An exact copy of the entries is required, with every image omitted.

---------- Data to process

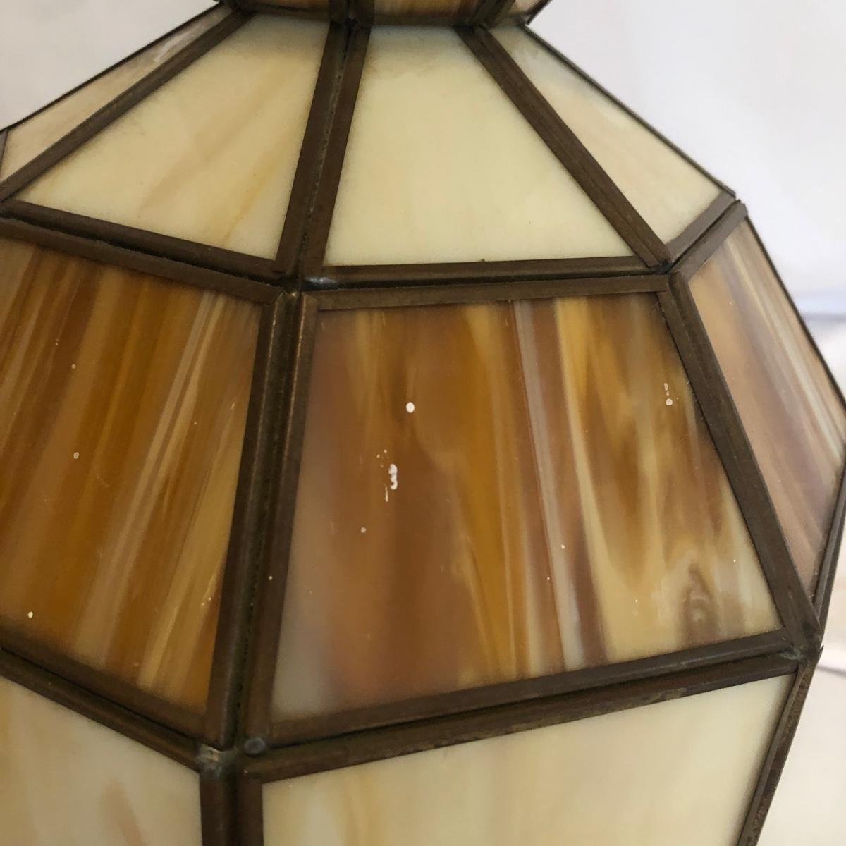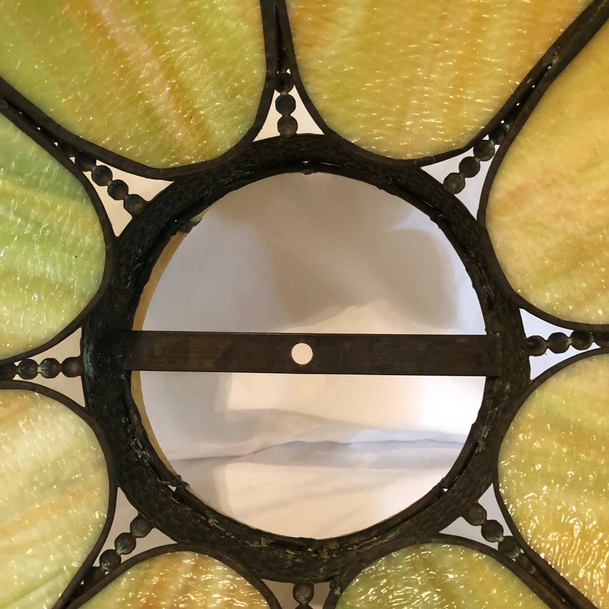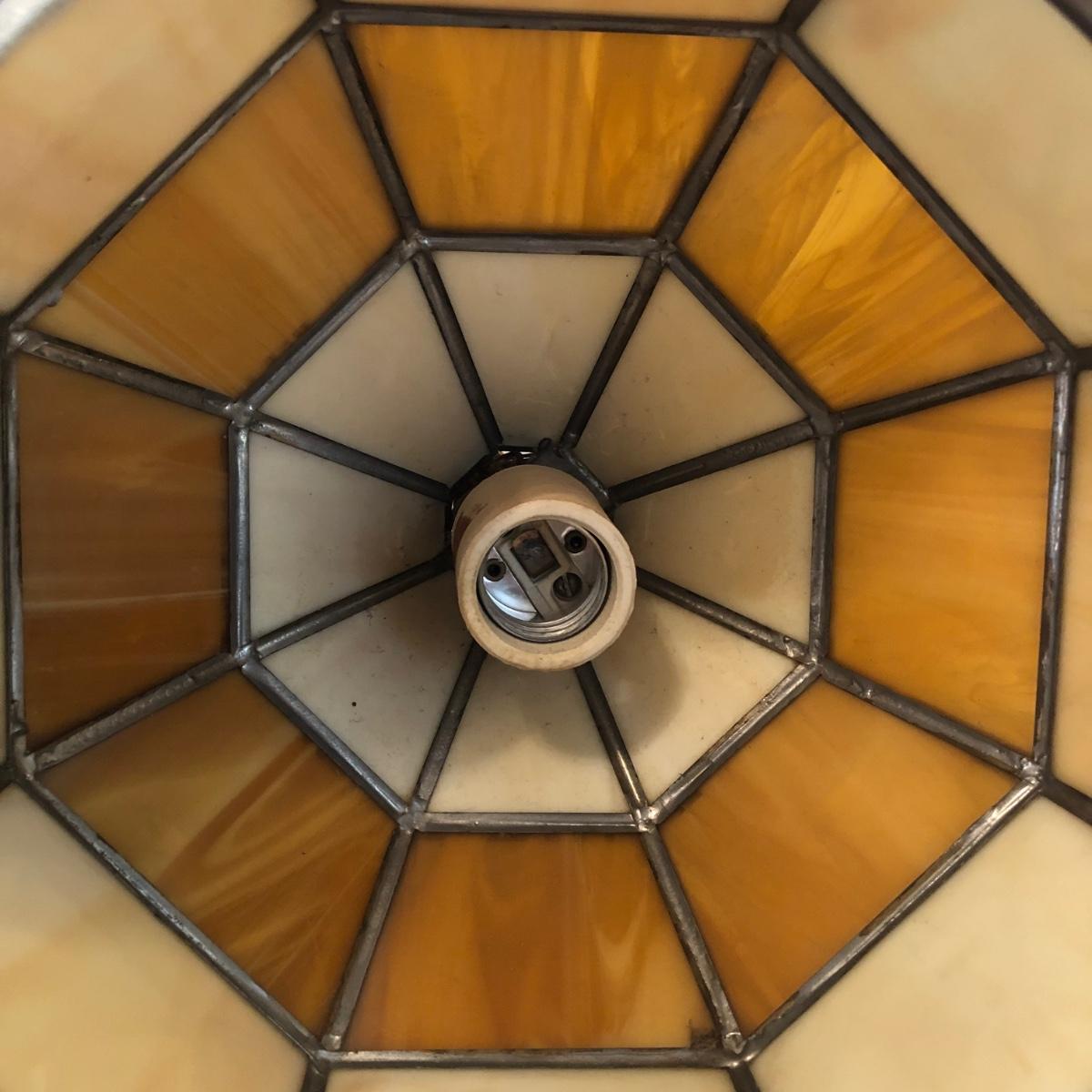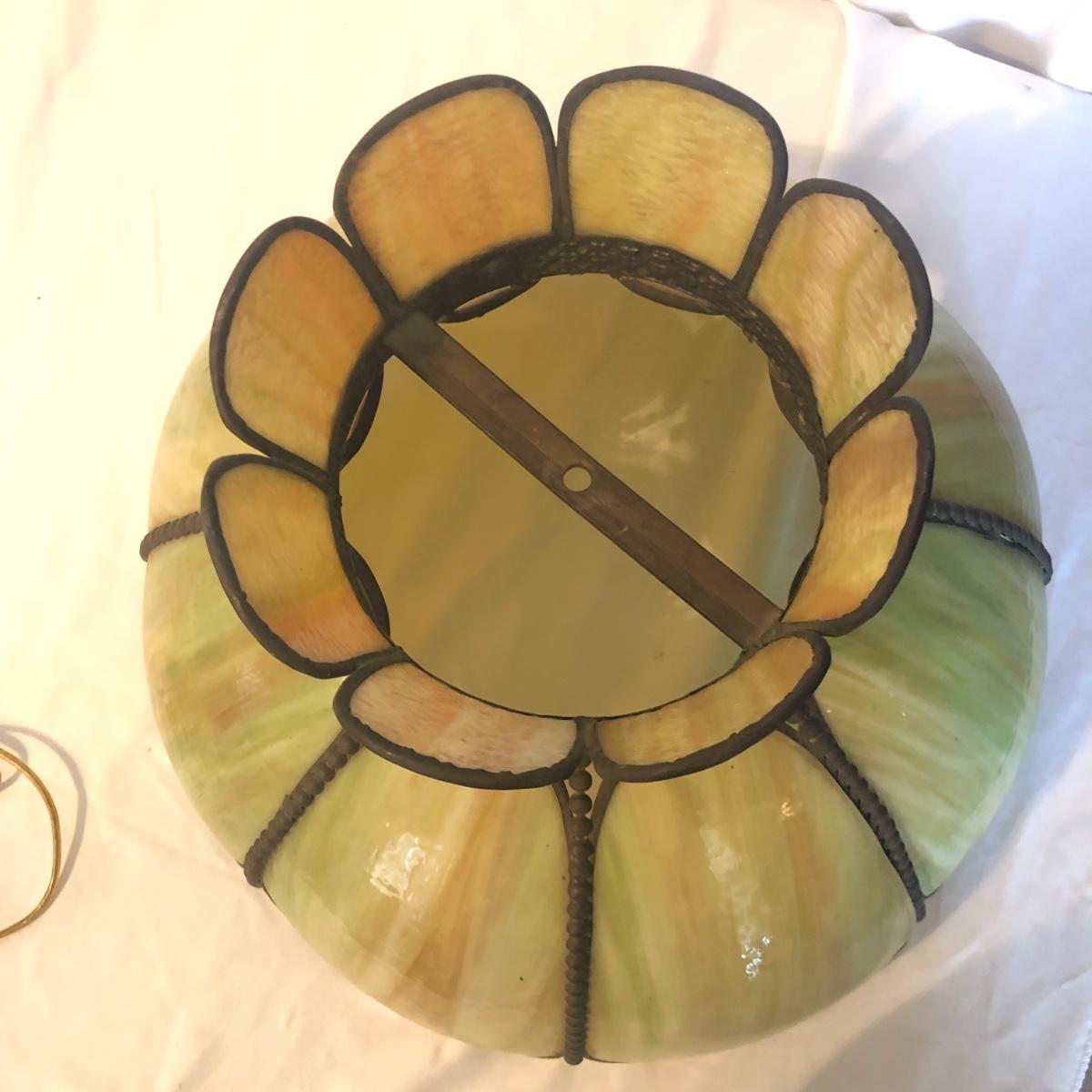This stained glass collection features a green and brown lamp shade made with kiln slumped stained glass 8 panels that is 19” in diameter and 12” tall. An amber glass lamp shade with an 11’ cord and chain; it worked when plugged in. Other stained glass includes a circle of Christmas angels in green and red with candle holders that measures 14” in diameter and is 9” tall. In the Christmas theme there is also a gold tone angel with a horn and a small window Christmas wreath. Other items include a pink lotus flower candle holder with tea candle holder, a blue butterfly, and a strawberry. One of the angels in the Christmas circle is missing it’s amber gem head and the break in the solder line is clean, another angel’s crown is present but not attached. Shipping Available.
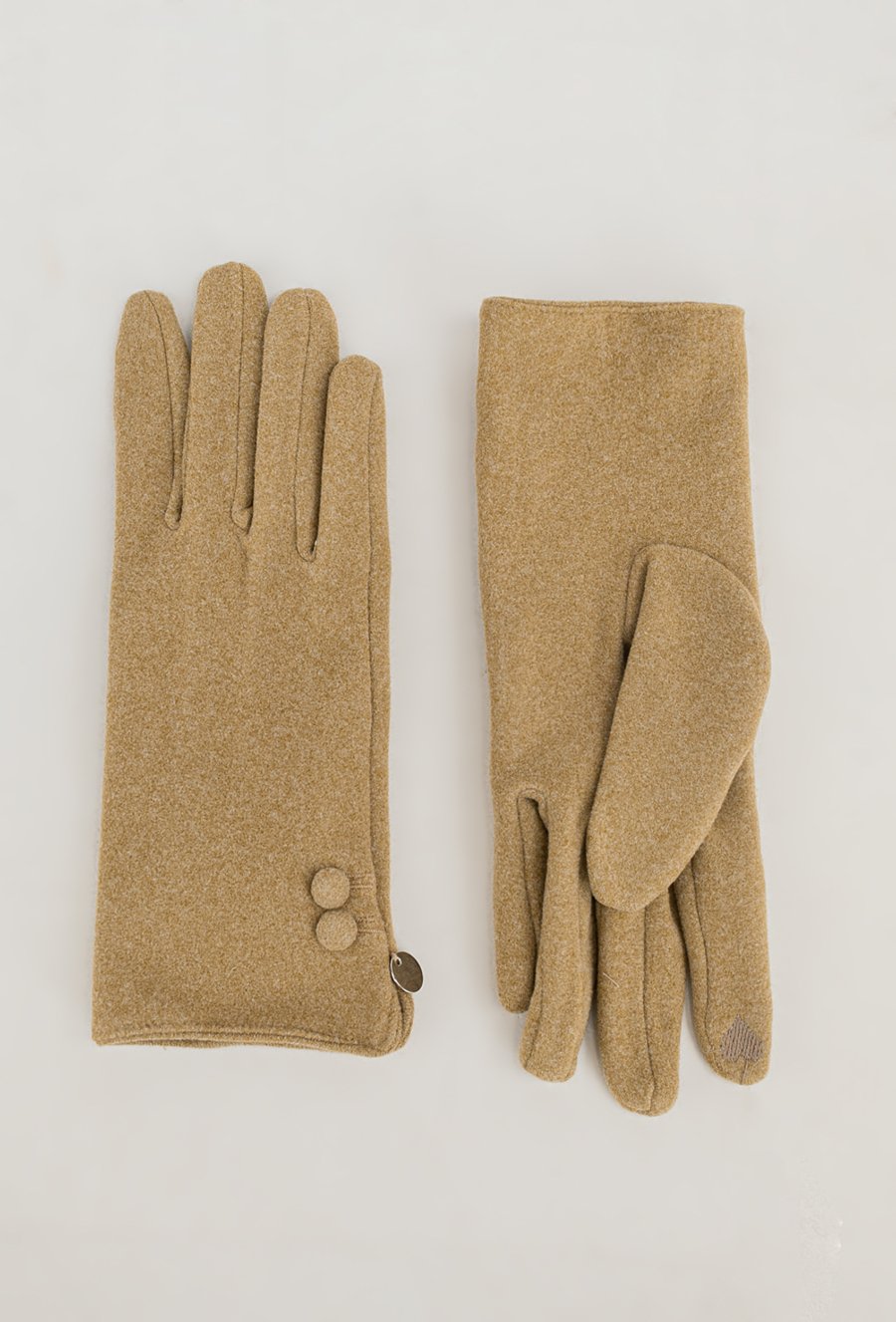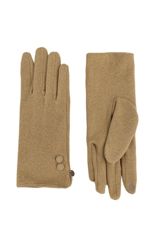 Eleganckie rękawiczki w pięknym kamelowym kolorze to świetny dodatek, który łączy funkcjonalność z estetyką. Rękawiczki zdobią małe guziczki.
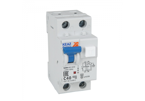 Выключатель автоматический дифференциального тока АВДТ 2П 16А 30мА A OptiDin D63-22C16-A-У3 6кА КЭАЗ
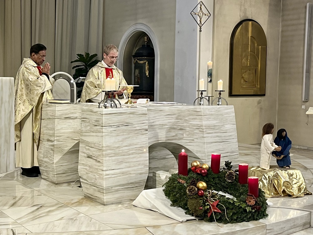 Zelebrierten gemeinsam die Messe zum 20jäjhrigen Priesterjubiläum von Marius Kaiser : der Maurer Gemeindepfarrer Pater Anto und Pfarrer Marius Kaiser. Foto: Alexandra Schedler, Sekretärin Pfarrbüro.
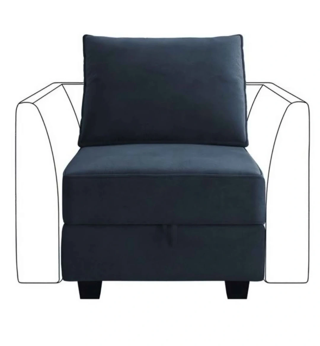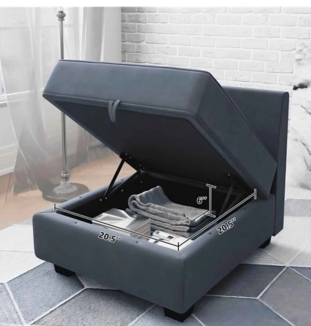This versatile ottoman chair offers comfortable seating and hidden storage. It's upholstered in a dark grey fabric. Inside dimensions are 20.5" x 20.5" x 6". Brand new in Box

--------------------

▶ _The answer_
This stained glass collection features a green and brown lamp shade made with kiln slumped stained glass 8 panels that is 19” in diameter and 12” tall. An amber glass lamp shade with an 11’ cord and chain; it worked when plugged in. Other stained glass includes a circle of Christmas angels in green and red with candle holders that measures 14” in diameter and is 9” tall. In the Christmas theme there is also a gold tone angel with a horn and a small window Christmas wreath. Other items include a pink lotus flower candle holder with tea candle holder, a blue butterfly, and a strawberry. One of the angels in the Christmas circle is missing it’s amber gem head and the break in the solder line is clean, another angel’s crown is present but not attached. Shipping Available.
 Eleganckie rękawiczki w pięknym kamelowym kolorze to świetny dodatek, który łączy funkcjonalność z estetyką. Rękawiczki zdobią małe guziczki.
 Выключатель автоматический дифференциального тока АВДТ 2П 16А 30мА A OptiDin D63-22C16-A-У3 6кА КЭАЗ
 Zelebrierten gemeinsam die Messe zum 20jäjhrigen Priesterjubiläum von Marius Kaiser : der Maurer Gemeindepfarrer Pater Anto und Pfarrer Marius Kaiser. Foto: Alexandra Schedler, Sekretärin Pfarrbüro.
This versatile ottoman chair offers comfortable seating and hidden storage. It's upholstered in a dark grey fabric. Inside dimensions are 20.5" x 20.5" x 6". Brand new in Box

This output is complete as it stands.